The data created by the design document preprocessing unit 12 and the source code preprocessing unit 13 is input to the information combination unit 14. The information combination unit 14 associates the design document 30 with the source code 31 based on the combination rules 16.

Figure 3 shows an example of a merge rule 16. The merge rule 16 in Figure 3 describes the process of associating a design document 30 with source code 31 in a programming language. This merge rule 16 searches the input source code 31 for each input design document (document), and determines that source code 31 with matching keywords is related source code 31.

When the information integration unit 14 creates data that associates the design document 30 with the source code 31, it stores this data as preprocessed data in the preprocessed database (DB) 17.

Figure 4 shows an example of the pre-processed DB 17. A relational DB is used for the pre-processed DB 17 in Figure 4. The pre-processed DB 17 in Figure 4 consists of tables 401, 402, 403, and 404. Table 401 has fields such as data ID, project ID, data owner ID, design document name, related source file name, and keywords. Pre-processed data for data ID = 1 is a combination of the keywords for design document A, followed by the keywords for XXX.c and YYY.c. Table 402 has fields such as project ID and project name. Table 403 has fields such as data owner ID, name, and organization ID. Table 404 has fields such as organization ID and organization name.

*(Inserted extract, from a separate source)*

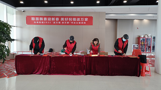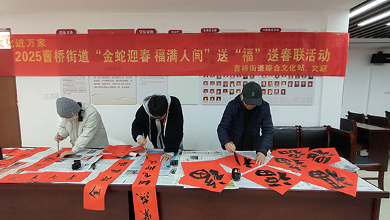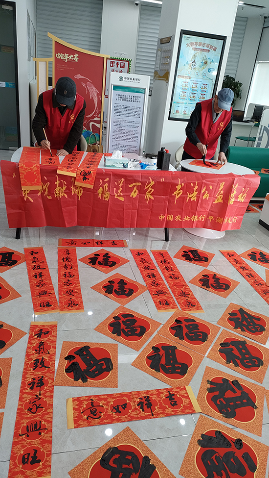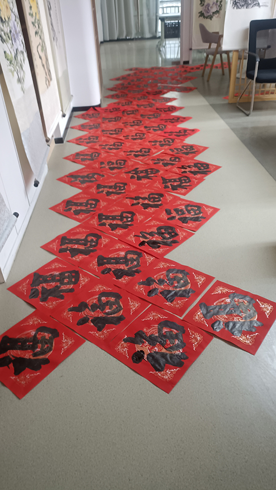 書法班龔國銘老師帶領鐘志鴻、何鑫華等學員在新春佳節即將來臨之際,先后參加機關、團體、街道、社區、學校、銀行、村莊、企業等送春聯、送福字、送溫暖活動。據不完全統計,參與場次50多場,寫春聯3000多對、福字6000多個、年歷軸220軸,為市民朋友送去了濃濃的年味和新年的祝福,也營造了歡樂祥和的節日氛圍。

FIG. 5 is a flowchart showing the operation of the classification model construction unit 18. The classification model construction unit 18 includes a model construction unit 19, a technical field naming unit 20, and a memory unit 52. The memory unit 52 stores a technical field classification model 21 and a technical field name database 22. The classification model construction unit 18 performs processing using the post-preprocessing database 17. The classification model construction unit 18 executes processing in the model construction unit 19 in response to a command input from the input device 40 or the completion of processing by the preprocessing unit 11.

In step S101, the model construction unit 19 uses the preprocessed data from the preprocessed database 17 to construct N technology field classification models with 1 to N topics using a topic analysis model algorithm such as PLSA or LDA.

Next, in step S102, the model construction unit 19 evaluates the topic model performance indicators (perplexity, coherence, etc.) for the N technical field classification models, and stores the most highly evaluated technical field classification model in the memory unit 52 as the technical field classification model 21 to be used in processing by the technical field extraction unit 23.

Then, in step S103, the technical field naming unit 20 takes the most frequently occurring keyword among the keywords constituting each topic of the technical field classification model 21 as the technical field name, which is a phrase representing the technical field. At this time, it is assumed that a keyword that is the technical field name of a certain topic does not appear in other topics. The technical field naming unit 20 reflects the technical field names of each topic of the technical field classification model 21 in the technical field name DB 22 of the storage unit 52.

FIG. 6 shows an example of a technical field name DB22. In the example of FIG. 6, a relational DB is used for the technical field name DB22. The technical field name DB22 has fields for a technical field ID and a technical field name.

After step S103, in step S104, the output control unit 32 causes the output device 41 to display a technical field confirmation screen that shows, in a two-dimensional map, each topic in the technical field classification model 21, the technical field name corresponding to each topic, and the keywords that make up each topic.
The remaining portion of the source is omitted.